How to handle package-lock.json?

[johnbrett]

In npm5 the package-lock.json has been added.

When you npm install this file is created automatically, and when you npm version patch etc, this file is will be committed unless removed.

Have we any stance on whether hapi ecosystem modules should add/ignore/remove these, considering maintainers will see this message:

Will these affect how shrinkwrap will work?

[geek]

hapi is ignoring the new lock file https://github.com/hapijs/hapi/blob/master/.gitignore#L17

I think this is a good move, but there is a bug in npm5 around using version when the package-lock.json is in .gitignore, so you are forced to manually delete the file if you want to run that command.

Until most of the major issues in npm5 are addressed around the package-lock.json we should avoid committing it.

[johnbrett]

Thanks @geek! Is the plan to start committing it when the issues around npm5 are resolved, or we'll discuss that when the time comes?

[geek]

I am not sure what other people's plans are, but if having the lock file improves performance with cloning/installing the repo then I'd like to start committing it.

[johnbrett]

Makes sense, thanks again 👍

[ljharb]

You can also add package-lock=false to your .npmrc

[Marsup]

I'm personally against so I'll keep ignoring it.

[nlf]

i don't see it as any different than npm-shrinkwrap.json. we don't include it for libraries now (except for hapi itself) so why would we start?

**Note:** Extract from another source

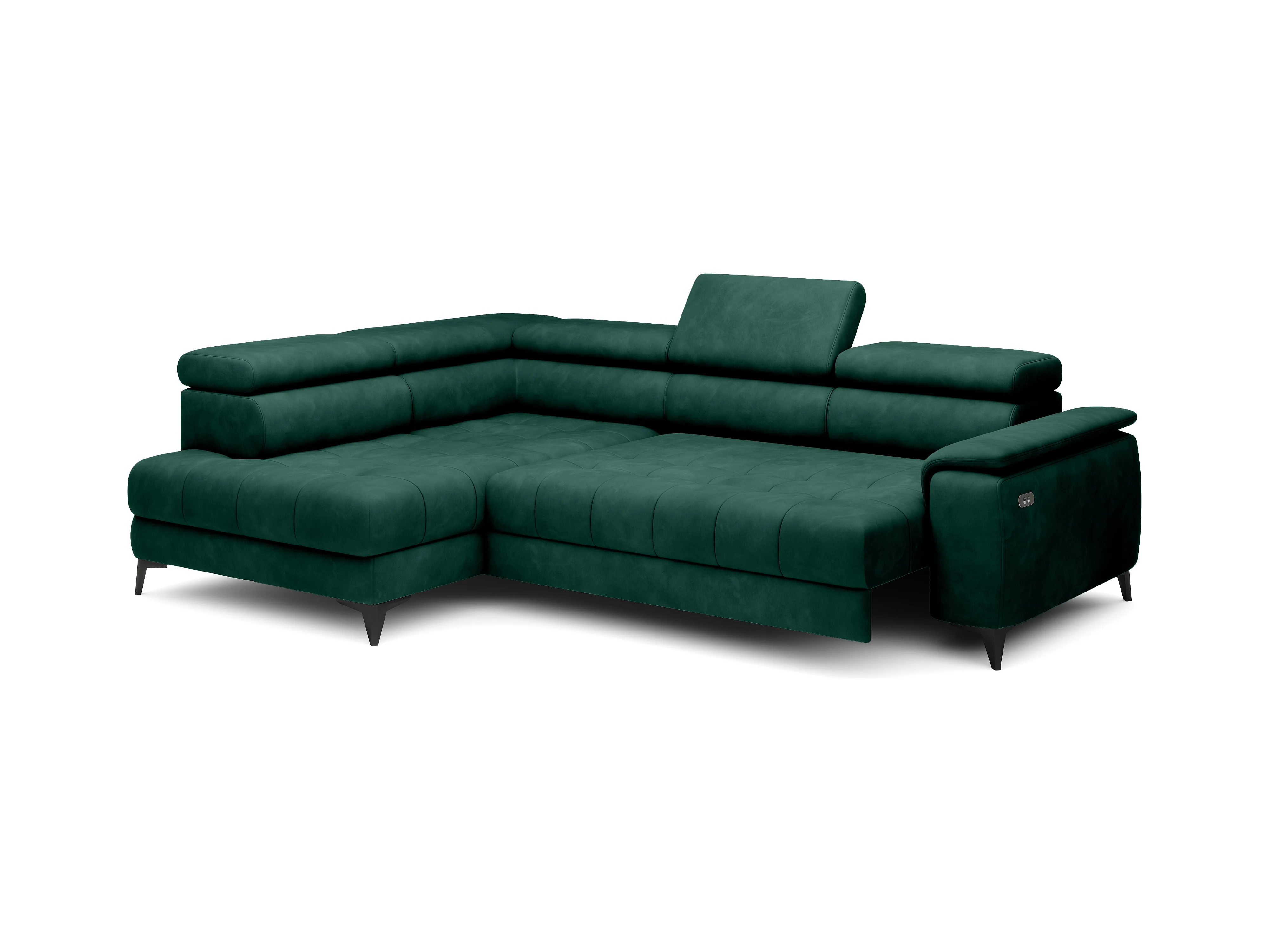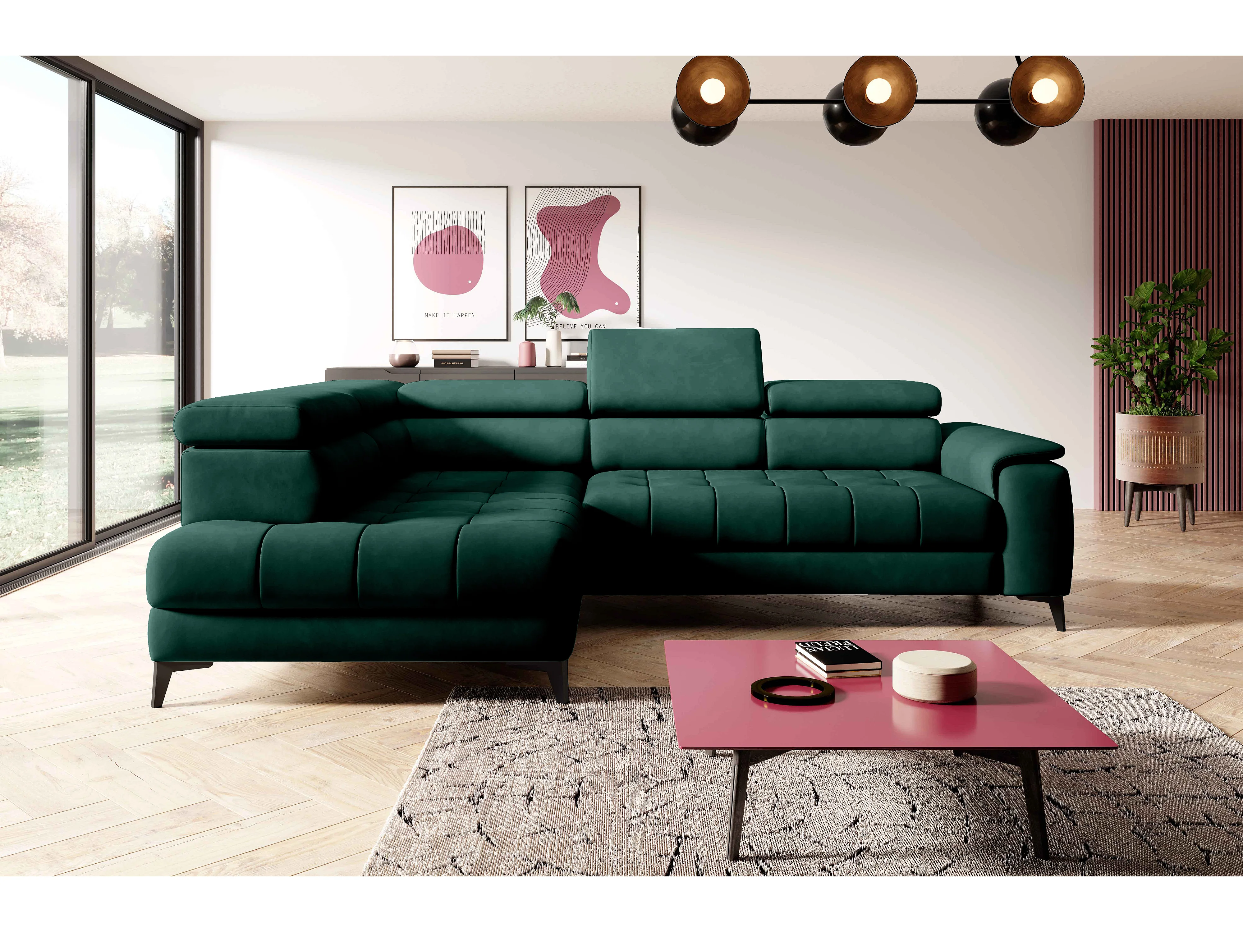 Canapé d'angle ILUSIO L avec fonction sommeil, 250x205cm, dossier réglable, matériaux de haute qualité, couleur vert foncé, gauche

to prevent npm from creating the package-lock.json automatically, we can add a .npmrc file to each repo with package-lock=false as its contents. i think that's a better approach than adding it to .gitignore since it helps make sure that the developer isn't running tests with locked dependencies that won't be locked when the library is published.

[ljharb]

I'd recommend both - I believe only apps should have lock files, and you both want to prevent people from accidentally creating one and also from accidentally committing one.

[devinivy]

package-lock.json is different than a shrinkwrap because it does not ship with the npm package, and it is superseded by any shrinkwraps. Because hapi has a shrinkwrap, it will simply be ignored by npm anyway.

[AdriVanHoudt]

It does indeed not make too much sense to have it for non-apps. It does not get bundled on publish. CI will always test the latest of everything which mirrors the install behaviour of a user. It would only lock for the developers which might cause a mismatch with what gets installed by a user or CI.

[csrl]

So what's the conclusion on this? add it to .gitignore? add a repo specific .npmrc? I'm going to reopen the issue so we can get the best practice agreed u[pon and captured.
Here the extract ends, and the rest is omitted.